From: "Michael S. Tsirkin" <mst@redhat.com>
To: Juan Quintela <quintela@redhat.com>
Cc: qemu-devel@nongnu.org
Subject: [Qemu-devel] Re: [PATCH 09/10] Exit loop if we have been there too long
Date: Wed, 24 Nov 2010 13:14:42 +0200 [thread overview]
Message-ID: <20101124111442.GF23493@redhat.com> (raw)
In-Reply-To: <m3r5ebdly8.fsf@trasno.mitica>
On Wed, Nov 24, 2010 at 12:01:51PM +0100, Juan Quintela wrote:
> "Michael S. Tsirkin" <mst@redhat.com> wrote:
> > On Wed, Nov 24, 2010 at 12:03:06AM +0100, Juan Quintela wrote:
> >> From: Juan Quintela <quintela@trasno.org>
> >>
> >> cheking each 64 pages is a random magic number as good as any other.
> >> We don't want to test too many times, but on the other hand,
> >> qemu_get_clock_ns() is not so expensive either.
> >>
> >
> > Could you please explain what's the problem this fixes?
> > I would like to see an API that documents the contract
> > we are making with the backend.
>
> buffered_file is an "abstraction" that uses a buffer.
>
> live migration code (remember it can't sleep, it runs on the main loop)
> stores its "stuff" on that buffer. And a timer writes that buffer to
> the fd that is associated with migration.
>
> This design is due to the main_loop/no threads qemu model.
>
> buffered_file timer runs each 100ms. And we "try" to measure channel
> bandwidth from there.

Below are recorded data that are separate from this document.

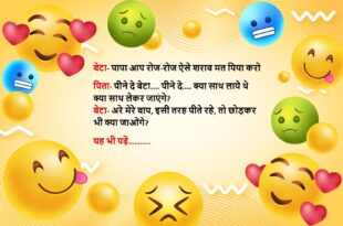 पति को काफी हिचकी आ रही थी पत्नी ने पति की तरफ घूर कर देखा और बोली- मैं तो यहां हूं फिर बाहर कौन मरी जा रही है, तुम्हारे लिए….😆🤣🤣🤣🤣😝😝😝 ************************************************************************************ पति- तुम मायके जाती हो तो कैसा महसूस करती हो? पत्नी- हम औरतों की उम्र 45 वाली क्यों न हो, मायके में पैर रखते ही 16 की उम्र वाली …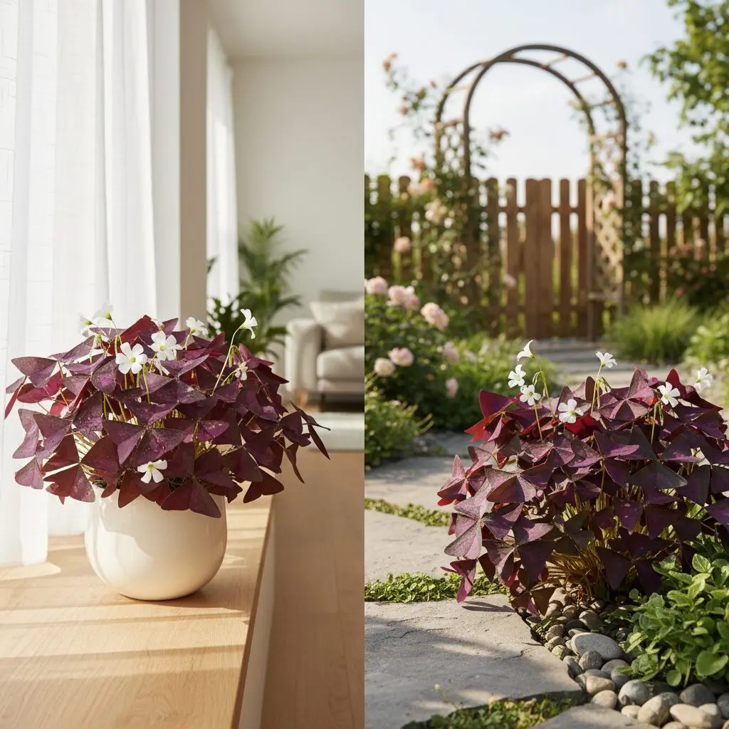 | Szczawik trójkątny (Oxalis triangularis) | Purpurowy / Fioletowy | Bladoróżowy / Biały | Roślina doniczkowa, tarasy |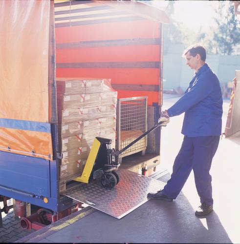 "longDescription": "<h2>Pont de franchissement</h2><strong>pour surmonter les écarts lors du chargement et du déchargement</strong><br><ul><li>Facile à transporter - avec des trous de préhension</li><li>Pas de glissement - angle d'arrêt pour la fixation</li><li>Travail en toute sécurité - avec une surface de roulement antidérapante</li><li>Léger et robuste - fabriqué en aluminium</li></ul>",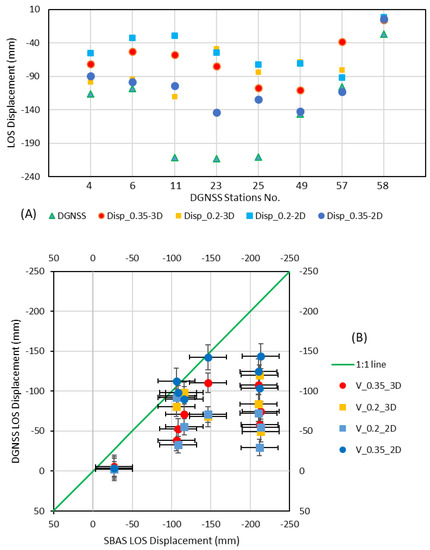 LOS DGNSS and SBAS results comparison. (A) Cumulative LOS displacement of the SBAS results versus the DGNSS measurement presented for each DGNSS benchmark. (B) Validation of the SBAS velocity as a function of the chosen coherence threshold and PhU techniques. The error bars indicate the standard error for each displacement measurement with their related parameters.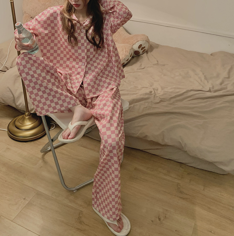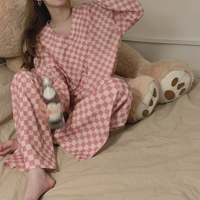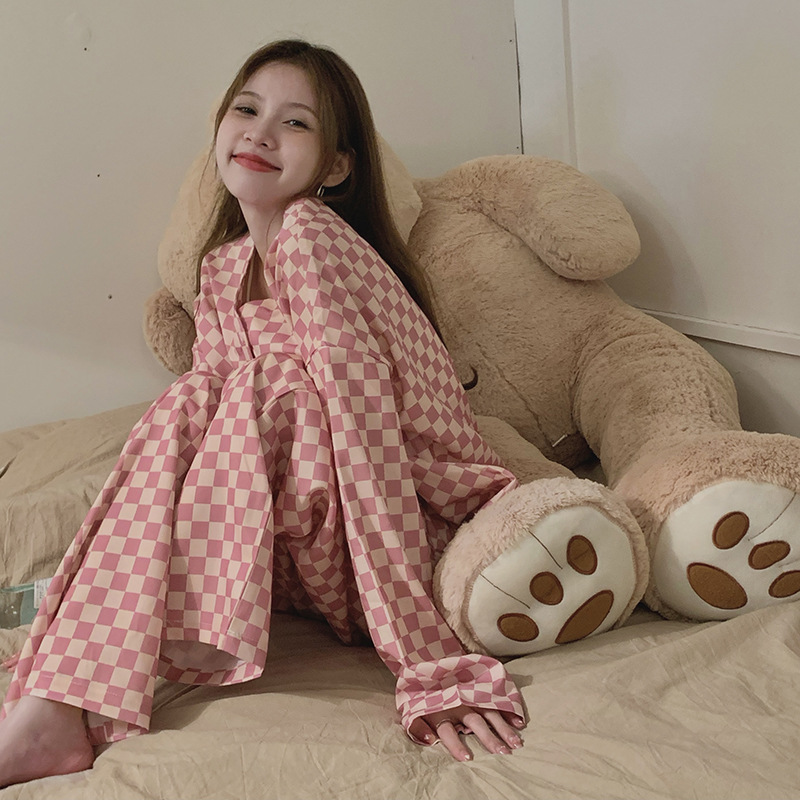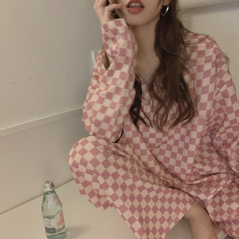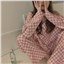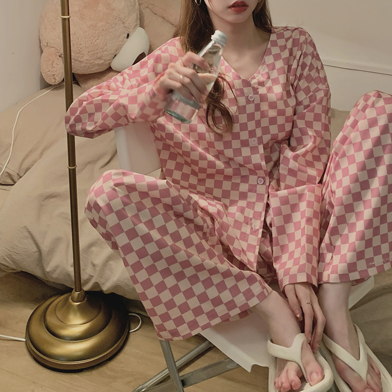 颜色 V领粉格子

If we are not able to run the timer, all the
> calculations are wrong, and then stalls happens.
So the problem is the timer in the buffered file abstraction?
Why don't we just flush out data if the buffer is full?
>
>
> >> @@ -269,6 +272,19 @@ int ram_save_live(Monitor *mon, QEMUFile *f, int stage, void *opaque)
> >> if (bytes_sent == 0) { /* no more blocks */
> >> break;
> >> }
> >> + /* we want to check in the 1st loop, just in case it was the 1st time
> >> + and we had to sync the dirty bitmap.
> >> + qemu_get_clock_ns() is a bit expensive, so we only check each some
> >> + iterations
> >> + */
> >> + if ((i & 63) == 0) {
> >> + uint64_t t1 = (qemu_get_clock_ns(rt_clock) - t0) / 1000000;
> >
> > This adds even more non-determinism to savevm behaviour. If bandwidth
> > limit is higth enough, I expect it to just keep going.
>
> If we find a row of 512MB of zero pages together (and that happens if
> you have a 64GB iddle guest, then you can spent more than 3seconds to
> fill the default bandwith). After that everything that uses the main
> loop has had stalls.
>
>
> >> + if (t1 > buffered_file_interval/2) {
> >
> > arch_init should not depend on buffered_file implementation IMO.
> >
> > Also - / 2?
>
> We need to run a timer each 100ms. For times look at the 0/6 patch.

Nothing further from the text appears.